_WHAT THIS TASK INVOLVES_
Unless a line falls after the one with "このたび、こどもゆめひろばは", retype it exactly from the records below; leave out all pictures.

━━━

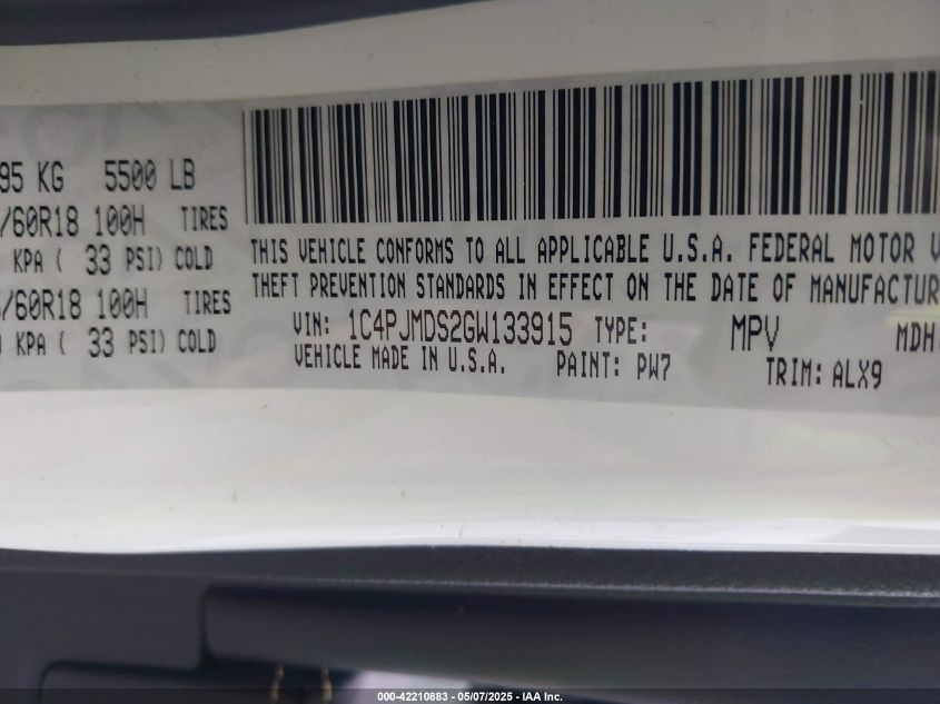 JEEP CHEROKEE 3.2 2016 р.в., Повний привід (1C4PJMDS2GW133915) з США
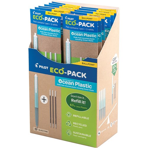 Pilot Eco Pack Super Grip G Retractable Ballpoint Ocean Plastic Pen+Refill 0.7mm Black
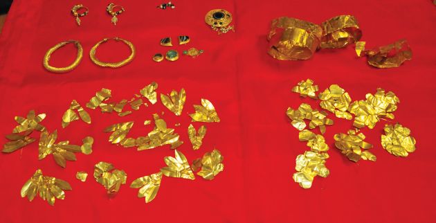 Ο 59χρονος κατείχε -μεταξύ άλλων- δύο χρυσά σκουλαρίκια, ένα χρυσό κόσμημα με ημιπολύτιμους λίθους και μαργαριτάρια, πέντε άλλα κοσμήματα με ημιπολύτιμους λίθους, δύο στριφτά βραχιόλια και ένα χρυσό έλασμα. Η Αστυνομία ερευνά την προέλευση των αρχαίων και θεωρείται σίγουρο ότι προέρχονται από κάποιο τάφο, ωστόσο ο 59χρονος δεν έδωσε στοιχεία για το σημείο όπου τα ανακάλυψε. Ο ανιχνευτής μετάλλων που βρέθηκε στο σπίτι του θεωρείται απόδειξη ότι ο ίδιος έκανε τις λαθρανασκαφές και αναζητούσε αγοραστές. Σε βάρος του 59χρονου σχηματίστηκε δικογραφία για παράβαση του νόμου περί προστασίας των αρχαιοτήτων και της εν γένει πολιτιστικής κληρονομιάς.
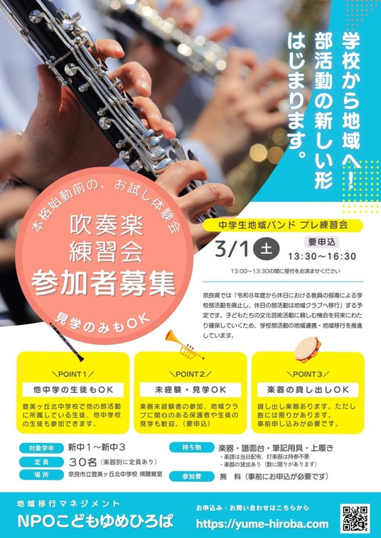 このたび、こどもゆめひろばは、令和8年度から始まる「部活動の地域移行(地域展開)」に向けたプレ練習会を開催いたします。このイベントは、奈良市教育委員会、奈良県吹奏楽連盟、奈良市立登美ヶ丘北中学校の協力の下実施され、地域クラブの立ち上げに向けた重要なステップとなります。
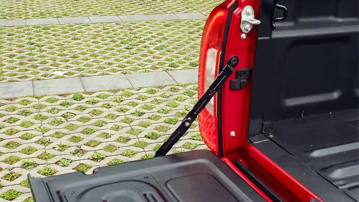 Задний бампер из неокрашенного пластика выглядит вполне надежной защитой. В средней его части есть выемка под номерной знак, которая одновременно служит ступенькой, облегчающей доступ к размещенному на платформе грузу в ситуациях, когда вы по каким-то причинам не хотите откидывать задний борт. Тут есть одна деталь: замок откидного борта не подключен к системе центрального запирания, и чтобы его открыть или закрыть, нужно выколупать ключ из брелока. Зато на откидной борт можно грузить тяжелые вещи без особой опаски, а также использовать его в качестве скамейки – борт рассчитан на нагрузку в 200 кг, и удерживает его в горизонтальном положении надежная система подвижных кронштейнов.
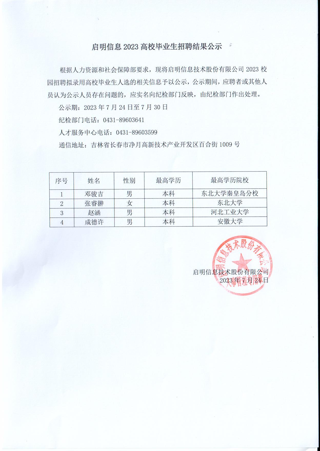 云顶国际集团信息2023高校畢業生招聘結果公示 (第二批)
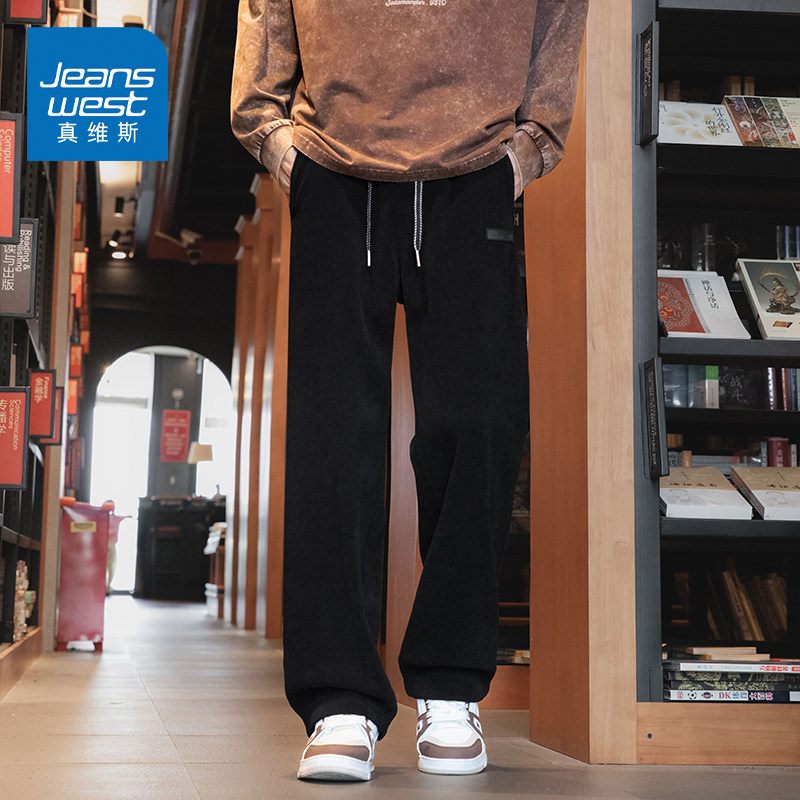 KZH真维斯加绒直筒松紧腰运动休闲长裤男卫裤灯芯绒条绒男裤秋冬
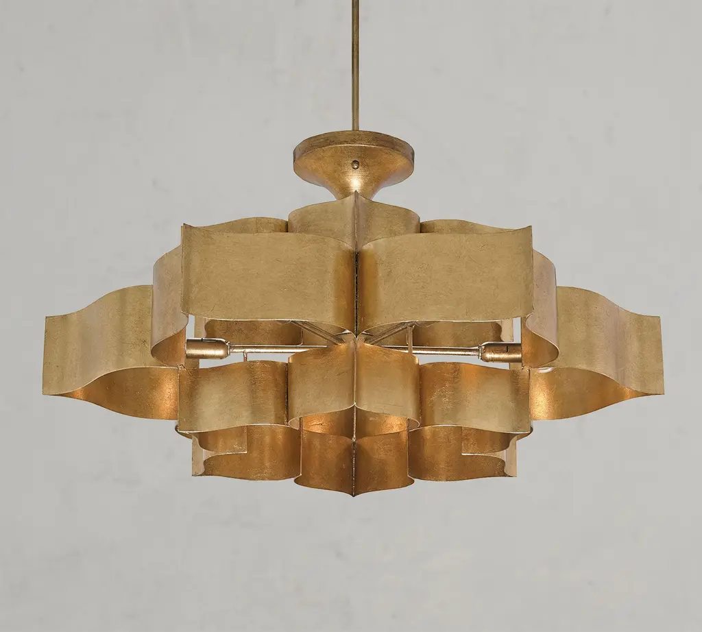 The Grand Lotus Silver Large Chandelier receives its majestic good looks from a combination of stunning workmanship and an antique contemporary silver leaf finish. The silver chandelier is skillfully fashioned from wrought iron. We offer this fixture in a number of styles and finishes.
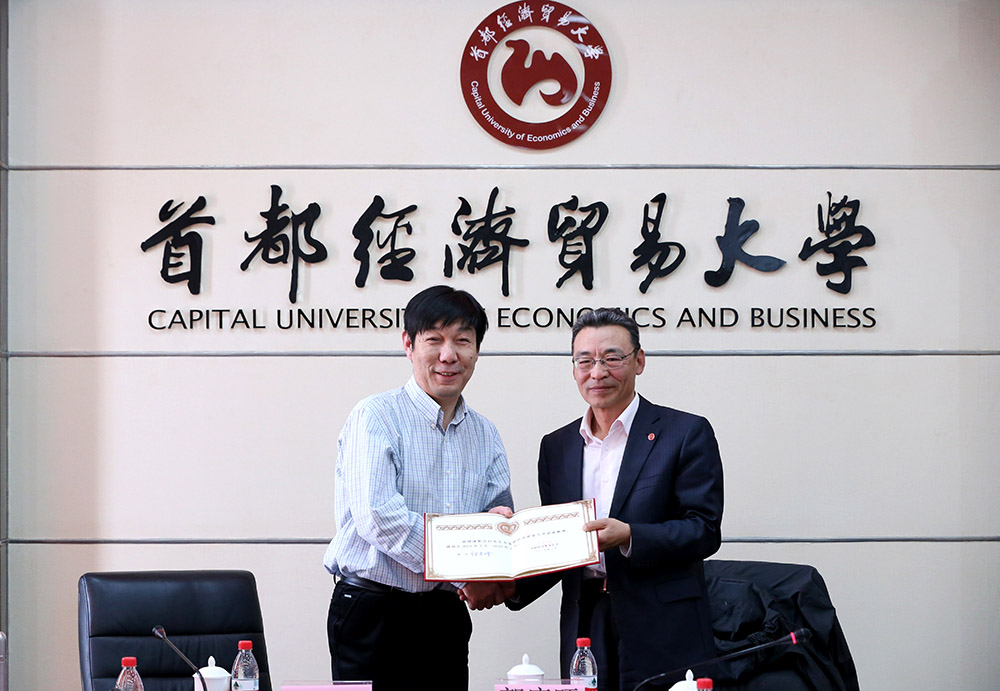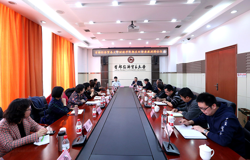 4月3日,51黑料 郭庆旺讲座教授聘任仪式在博纳楼第六会议室举行。我校校长付志峰教授、中央财经大学51黑料 院长白彦锋教授、北京工商大学经济学院财政系主任吴强教授、我校教务处处长张学平、科研处处长姚东旭教授等及我院全体教职工参加了聘任仪式。

━━━

_REPLY TO THE EXERCISE_
 JEEP CHEROKEE 3.2 2016 р.в., Повний привід (1C4PJMDS2GW133915) з США
 Pilot Eco Pack Super Grip G Retractable Ballpoint Ocean Plastic Pen+Refill 0.7mm Black
 Ο 59χρονος κατείχε -μεταξύ άλλων- δύο χρυσά σκουλαρίκια, ένα χρυσό κόσμημα με ημιπολύτιμους λίθους και μαργαριτάρια, πέντε άλλα κοσμήματα με ημιπολύτιμους λίθους, δύο στριφτά βραχιόλια και ένα χρυσό έλασμα. Η Αστυνομία ερευνά την προέλευση των αρχαίων και θεωρείται σίγουρο ότι προέρχονται από κάποιο τάφο, ωστόσο ο 59χρονος δεν έδωσε στοιχεία για το σημείο όπου τα ανακάλυψε. Ο ανιχνευτής μετάλλων που βρέθηκε στο σπίτι του θεωρείται απόδειξη ότι ο ίδιος έκανε τις λαθρανασκαφές και αναζητούσε αγοραστές. Σε βάρος του 59χρονου σχηματίστηκε δικογραφία για παράβαση του νόμου περί προστασίας των αρχαιοτήτων και της εν γένει πολιτιστικής κληρονομιάς.
 このたび、こどもゆめひろばは、令和8年度から始まる「部活動の地域移行(地域展開)」に向けたプレ練習会を開催いたします。このイベントは、奈良市教育委員会、奈良県吹奏楽連盟、奈良市立登美ヶ丘北中学校の協力の下実施され、地域クラブの立ち上げに向けた重要なステップとなります。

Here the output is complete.